> _What is needed_:
Working through the data below, reproduce word for word the line with "Yılbaşı Kutusu No18" and every line after it, both ends included, and omit the pictures.

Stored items
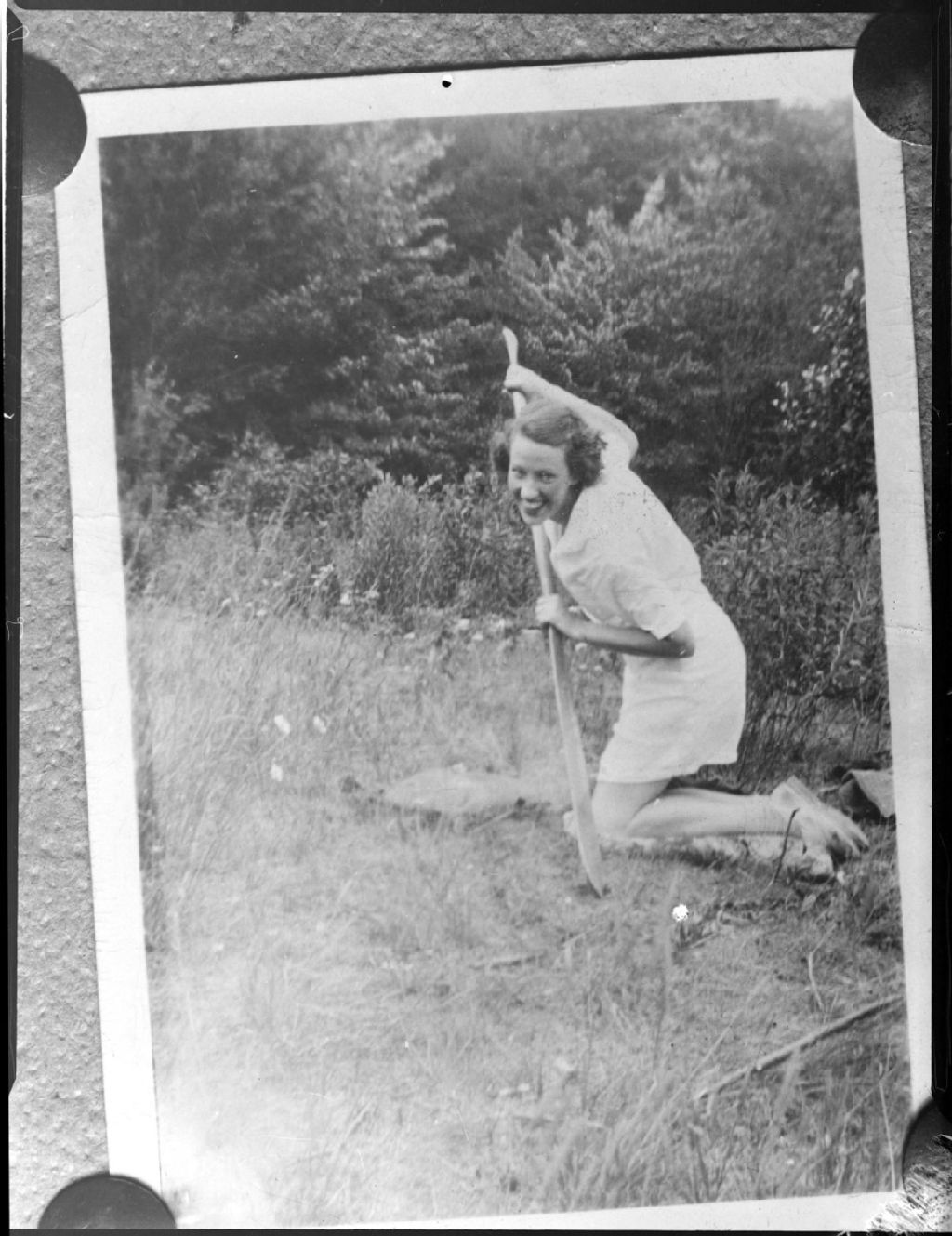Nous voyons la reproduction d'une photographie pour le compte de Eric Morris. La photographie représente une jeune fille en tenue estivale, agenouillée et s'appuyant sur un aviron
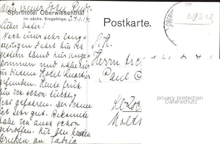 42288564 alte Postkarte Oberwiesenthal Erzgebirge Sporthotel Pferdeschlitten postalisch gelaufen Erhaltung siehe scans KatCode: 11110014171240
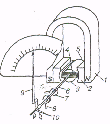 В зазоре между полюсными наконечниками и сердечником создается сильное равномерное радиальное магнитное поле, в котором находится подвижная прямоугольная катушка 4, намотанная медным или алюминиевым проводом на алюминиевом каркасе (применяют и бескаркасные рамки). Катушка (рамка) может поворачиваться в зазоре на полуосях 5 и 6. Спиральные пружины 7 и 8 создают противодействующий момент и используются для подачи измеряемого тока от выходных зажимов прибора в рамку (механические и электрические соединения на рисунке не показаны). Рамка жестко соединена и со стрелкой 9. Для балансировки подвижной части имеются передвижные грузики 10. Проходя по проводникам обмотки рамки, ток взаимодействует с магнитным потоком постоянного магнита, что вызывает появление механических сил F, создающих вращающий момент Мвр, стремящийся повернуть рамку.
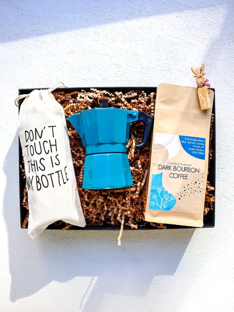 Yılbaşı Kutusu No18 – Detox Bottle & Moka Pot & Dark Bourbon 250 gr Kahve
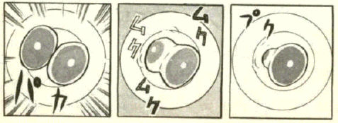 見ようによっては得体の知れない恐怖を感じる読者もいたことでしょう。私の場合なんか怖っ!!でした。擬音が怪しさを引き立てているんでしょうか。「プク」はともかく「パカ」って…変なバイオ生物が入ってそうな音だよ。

> _Solution to this problem_:
 Yılbaşı Kutusu No18 – Detox Bottle & Moka Pot & Dark Bourbon 250 gr Kahve
 見ようによっては得体の知れない恐怖を感じる読者もいたことでしょう。私の場合なんか怖っ!!でした。擬音が怪しさを引き立てているんでしょうか。「プク」はともかく「パカ」って…変なバイオ生物が入ってそうな音だよ。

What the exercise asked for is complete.